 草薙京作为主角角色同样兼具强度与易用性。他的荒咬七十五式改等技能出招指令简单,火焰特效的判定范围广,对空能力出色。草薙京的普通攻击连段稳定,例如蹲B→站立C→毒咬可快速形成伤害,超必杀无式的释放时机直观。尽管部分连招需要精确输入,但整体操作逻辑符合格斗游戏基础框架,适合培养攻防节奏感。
^^^^^^^^^^^^^^^^
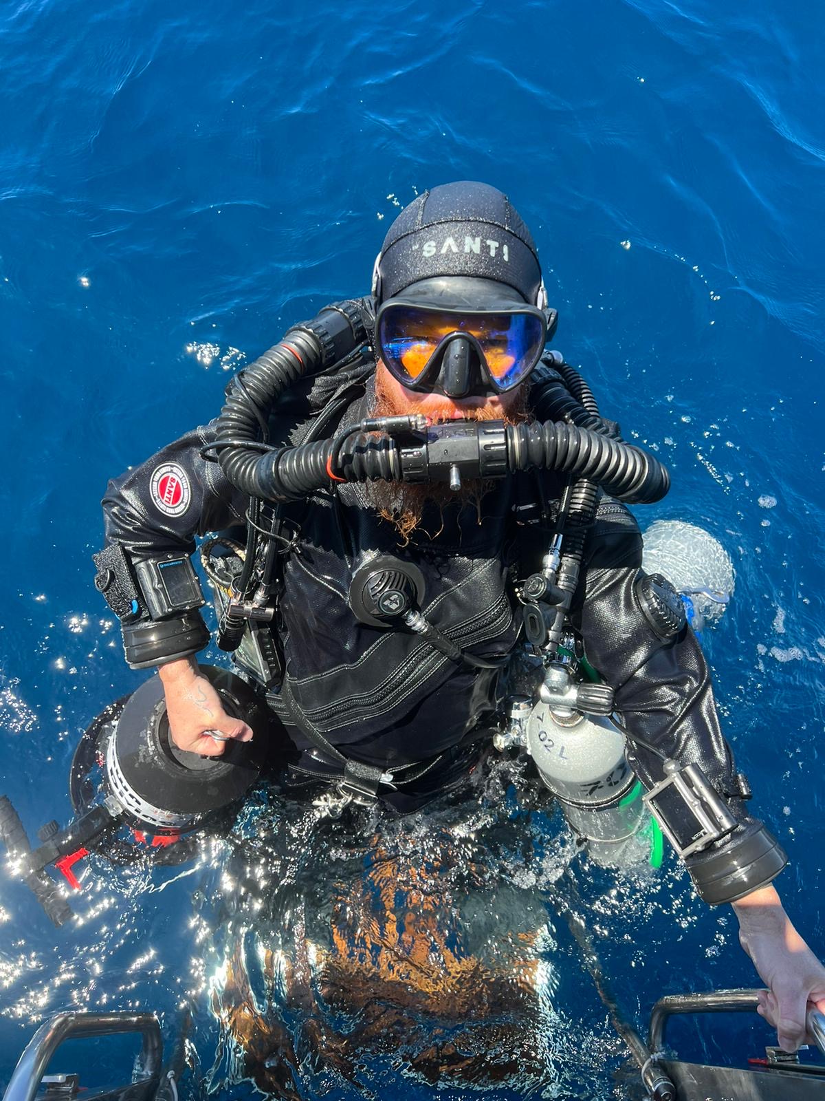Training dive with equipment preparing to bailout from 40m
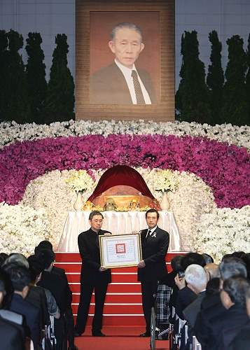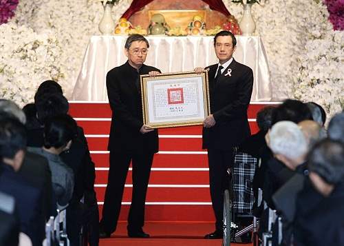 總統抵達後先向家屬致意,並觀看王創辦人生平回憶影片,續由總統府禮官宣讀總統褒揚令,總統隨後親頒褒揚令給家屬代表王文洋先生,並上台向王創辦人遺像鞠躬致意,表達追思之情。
^^^^^^^^^^^^^^^^
Using the material above, transcribe exactly the lines from the one holding "Training dive with" to the one holding "總統抵達後先向家屬致意,並觀", both ends kept. Do not carry over any pictures.

Training dive with equipment preparing to bailout from 40m
 總統抵達後先向家屬致意,並觀看王創辦人生平回憶影片,續由總統府禮官宣讀總統褒揚令,總統隨後親頒褒揚令給家屬代表王文洋先生,並上台向王創辦人遺像鞠躬致意,表達追思之情。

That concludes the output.